(The task): Exclude the pictures, and otherwise reproduce the data in full.

(Given records):
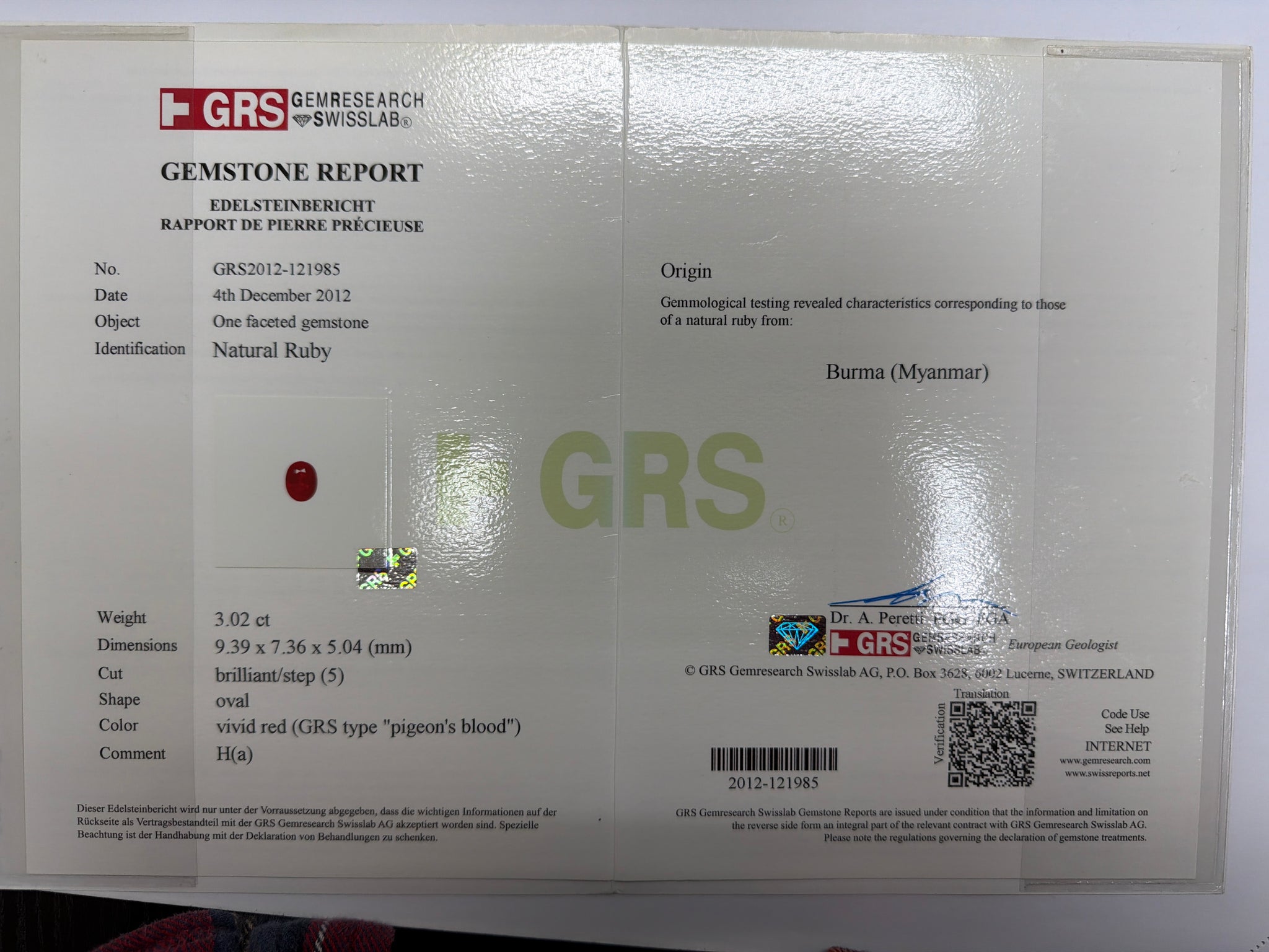3.02cts oval shape natural ruby certified by GRS with thermal treatment (Ha), Burma origin, vivid red ( GRS type “pigeon blood”)
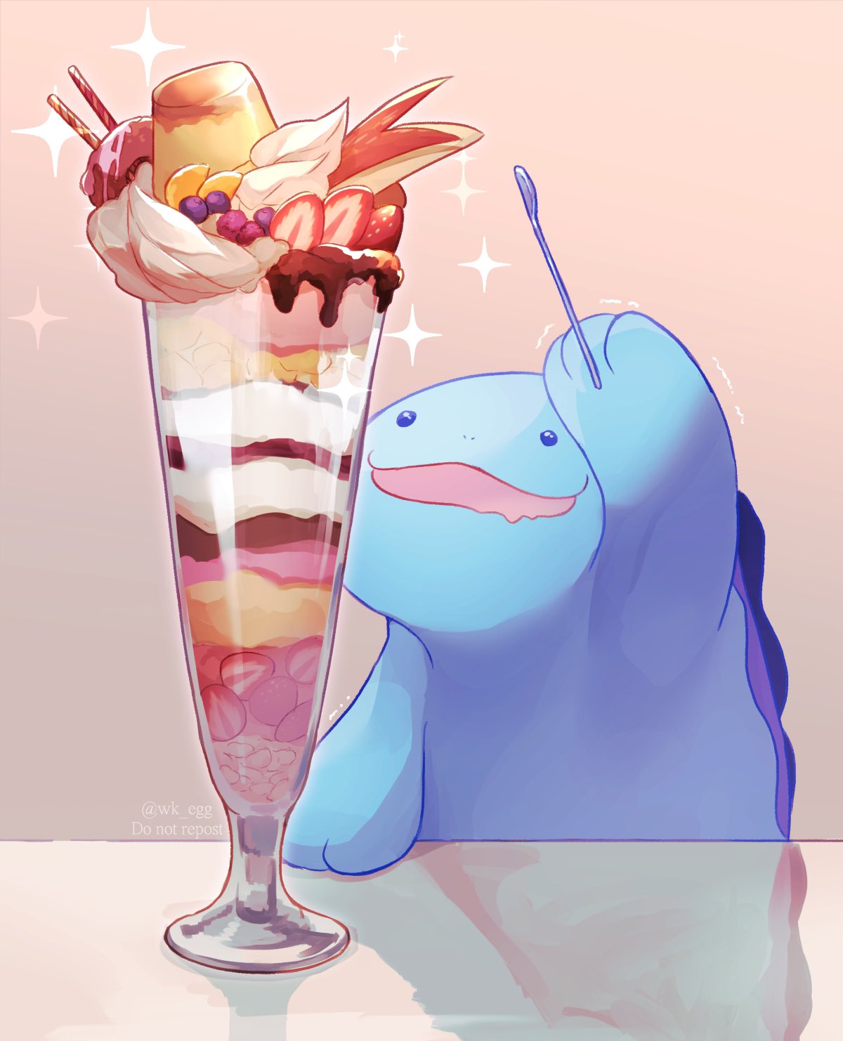 :d blue_eyes commentary_request dessert drooling eko_(wk_egg) food gen_2_pokemon highres holding holding_spoon looking_up mouth_drool nintendo no_humans open_mouth parfait pokemon pokemon_(creature) quagsire reflection smile solo sparkle spoon trembling twitter_username watermark
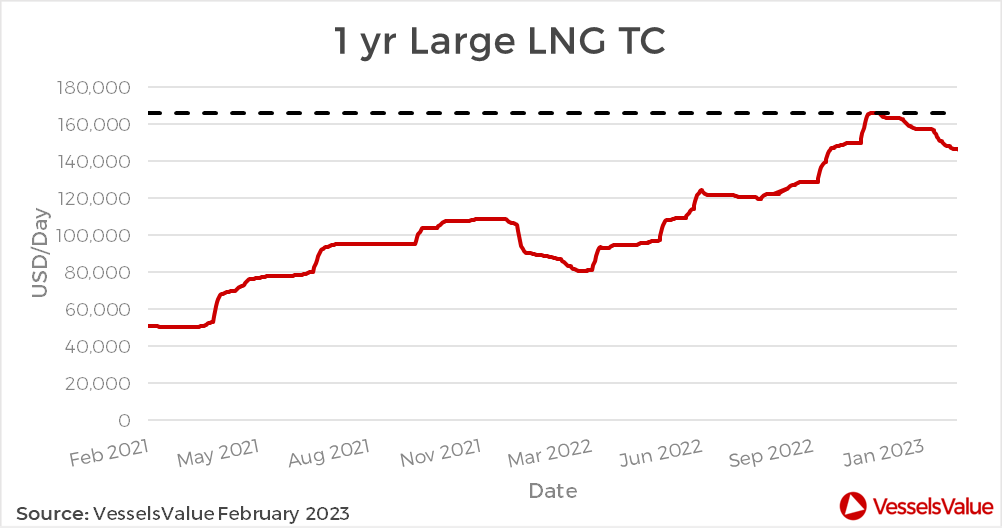 The strong demand is also reflected in 1 year Time Charter rates, which are shown in Figure 1. The VV 1 year Large LNG TC rate reached a 10 year peak of 163,209 USD/Day in November 2022.
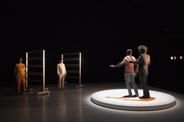 Tous deux « cassés en deux » et ayant « donc une histoire », selon l’expression de Nancy Huston, ils s’affrontaient dans une joute oratoire et gestuelle aiguisée pour finalement se rejoindre, saisis de tremblements, sur le socle tournant.
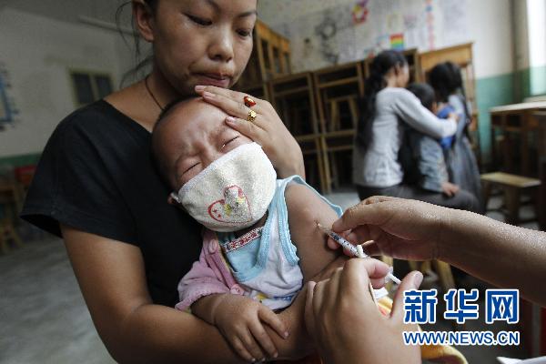 8月18日,在甘肅舟曲縣城獨(dú)立中學(xué)受災(zāi)群眾安置點(diǎn),醫(yī)務(wù)人員在為幼兒接種甲肝疫苗。鑒于舟曲災(zāi)區(qū)目前的衛(wèi)生和疾病預(yù)防形勢(shì),甘肅省、甘南藏族自治州、舟曲縣三級(jí)疾控中心自8月16日開始,為災(zāi)區(qū)1歲半至6歲的幼兒大面積接種甲肝疫苗,防止甲肝疾病的發(fā)生。截至8月18日12時(shí),已有約500名幼兒接種了甲肝疫苗。新華社記者 任正來 攝
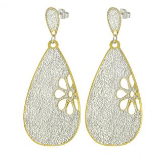 STAINLESS STEEL EARRINGS IN DROP SHAPE IN IPG TWO TONE WITH FLOWER CUT PATTERNIN IPG TWO TONES
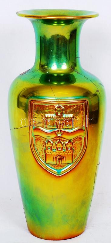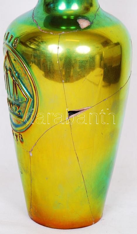 Zsolnay eozinos váza, több helyen sérült, m:28 cm

(Response to this exercise):
3.02cts oval shape natural ruby certified by GRS with thermal treatment (Ha), Burma origin, vivid red ( GRS type “pigeon blood”)
 :d blue_eyes commentary_request dessert drooling eko_(wk_egg) food gen_2_pokemon highres holding holding_spoon looking_up mouth_drool nintendo no_humans open_mouth parfait pokemon pokemon_(creature) quagsire reflection smile solo sparkle spoon trembling twitter_username watermark
 The strong demand is also reflected in 1 year Time Charter rates, which are shown in Figure 1. The VV 1 year Large LNG TC rate reached a 10 year peak of 163,209 USD/Day in November 2022.
 Tous deux « cassés en deux » et ayant « donc une histoire », selon l’expression de Nancy Huston, ils s’affrontaient dans une joute oratoire et gestuelle aiguisée pour finalement se rejoindre, saisis de tremblements, sur le socle tournant.
 8月18日,在甘肅舟曲縣城獨(dú)立中學(xué)受災(zāi)群眾安置點(diǎn),醫(yī)務(wù)人員在為幼兒接種甲肝疫苗。鑒于舟曲災(zāi)區(qū)目前的衛(wèi)生和疾病預(yù)防形勢(shì),甘肅省、甘南藏族自治州、舟曲縣三級(jí)疾控中心自8月16日開始,為災(zāi)區(qū)1歲半至6歲的幼兒大面積接種甲肝疫苗,防止甲肝疾病的發(fā)生。截至8月18日12時(shí),已有約500名幼兒接種了甲肝疫苗。新華社記者 任正來 攝
 STAINLESS STEEL EARRINGS IN DROP SHAPE IN IPG TWO TONE WITH FLOWER CUT PATTERNIN IPG TWO TONES
 Zsolnay eozinos váza, több helyen sérült, m:28 cm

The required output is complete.